Un nouveau titre à mettre au crédit de Delirium. Grandville de Bryan Talbot est une uchronie policière étonnante, bien balancée sur fond d’anthropomorphisme bien que des humains plus ou moins esclaves subsistent dont la brave Bécassine et un clone groom de Spirou. Une enquête policière menée par l’inspecteur LeBrock de Scotland Yard, un blaireau avisé et son équipier Ratzi, petit rat efficace. Sherlock et Watson, Poirot et Hastings. Mais il faut savourer les clins d’œil que Talbot a éparpillé dans les pages, dessins ou dialogues, personnages, sans négliger que la perfide Albion en a pris plein Big Ben. Un vrai bijou ce premier tome.

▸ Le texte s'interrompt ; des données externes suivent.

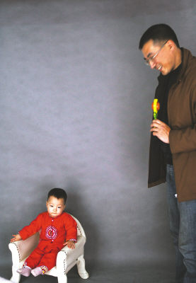 春节前夕,哈尔滨一家人带着8个月大的孩子拍艺术照。当天孩子的心情不算好,这下可忙坏了家长,所有人都在摄影棚的不同位置试图逗孩子开心。图为孩子父亲站在角落想办法把小女儿逗乐,我这个负责拍摄花絮的人记录下了这个温馨的瞬间。
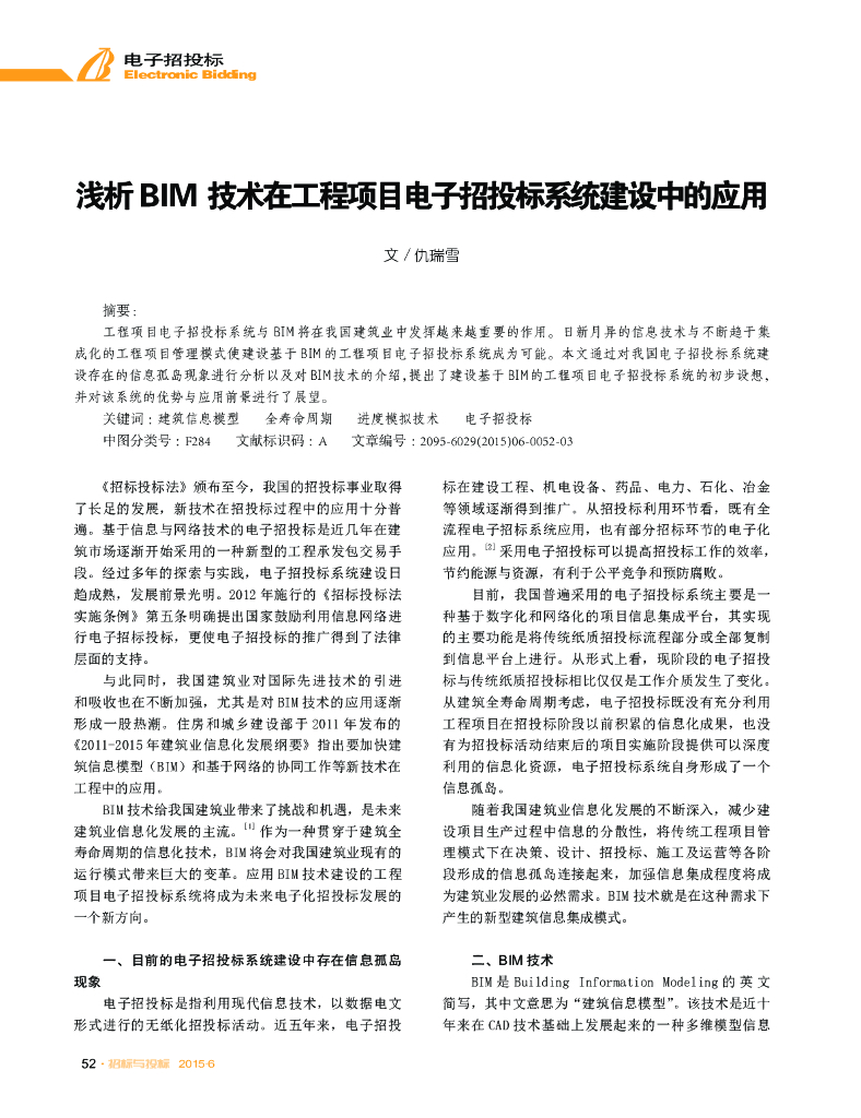浅析BIM技术在工程项目电子招投标系统建设中的应用.pdf

L’Angleterre qui est finalement devenue indépendante alors qu’elle était sous tutelle de la France depuis son invasion par Napoléon au début du XIXe siècle, il y a près de 200 ans. Il avait fait décapiter la famille royale, Des évènements graves se passent à Paris et un meurtre a eu lieu près de Londres. L’inspecteur Lebrock supervise l’enquête qui n’est pas un suicide. Leigh-Otter qui vient de Paris a été tué alors qu’il tapait un rapport secret. Les meurtriers feraient partie de services secrets de l’empire français. Un pont relie l’île à la France dont la capitale est Grandville, ville lumière, Paris où on trouve des pâtes à pain, des chimpanzés glabres humains qui auraient évolué à Angoulême. De l’hôtel Marianne aux Folies Bergères, l’inspecteur et Ratzi commencent leur enquête qui tourne à une confrontation violente dans la loge de Sarah Blairow. La jeune femme ne va pas laisser LeBrock indifférent.
Il y a le graphisme, steam-punk très réaliste, soigné. Les pages explosent dans un univers art-déco et LeBrock, une force de la nature aidé par ses armes de poing dégage le territoire. Mais c’est aussi un limier astucieux qui déduit, comprend, anticipe. Il n’a pas d’états d’âme mais peut être sentimental. Le choix du physique des personnages ne doit rien au hasard. Il faut lire aussi la postface de Bryan Talbot et ses notes par page qui donnent des clés pas innocentes. Il y a du texte mais toujours utile, de superbes ambiances, une conspiration tordue à souhait, des politiques pourris, une révolution. Un feu d’artifice ce Grandville et on attend les autres avec impatiences. Indispensable ce qui est rare.